• [ACTION ITEM]:
Transcribe the listing below only from the line with "Yad Vashem - Pages" up to and including the line with "圖為其德在十四屆全國人大二次".

======== AVAILABLE DATA ========

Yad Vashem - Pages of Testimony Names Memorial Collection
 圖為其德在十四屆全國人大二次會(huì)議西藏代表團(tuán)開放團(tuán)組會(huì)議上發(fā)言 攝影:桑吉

========
======== AVAILABLE DATA ========

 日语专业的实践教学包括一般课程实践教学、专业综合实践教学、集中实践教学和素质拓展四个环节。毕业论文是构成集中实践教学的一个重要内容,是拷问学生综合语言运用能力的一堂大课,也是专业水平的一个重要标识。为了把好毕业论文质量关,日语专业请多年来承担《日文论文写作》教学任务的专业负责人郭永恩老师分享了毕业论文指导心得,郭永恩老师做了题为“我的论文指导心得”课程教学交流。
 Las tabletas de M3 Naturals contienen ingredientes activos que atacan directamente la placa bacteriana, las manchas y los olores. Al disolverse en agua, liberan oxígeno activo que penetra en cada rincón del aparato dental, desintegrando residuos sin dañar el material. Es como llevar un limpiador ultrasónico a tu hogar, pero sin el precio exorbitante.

========

• [RESPONSE TO THE TASK]:
Yad Vashem - Pages of Testimony Names Memorial Collection
 圖為其德在十四屆全國人大二次會(huì)議西藏代表團(tuán)開放團(tuán)組會(huì)議上發(fā)言 攝影:桑吉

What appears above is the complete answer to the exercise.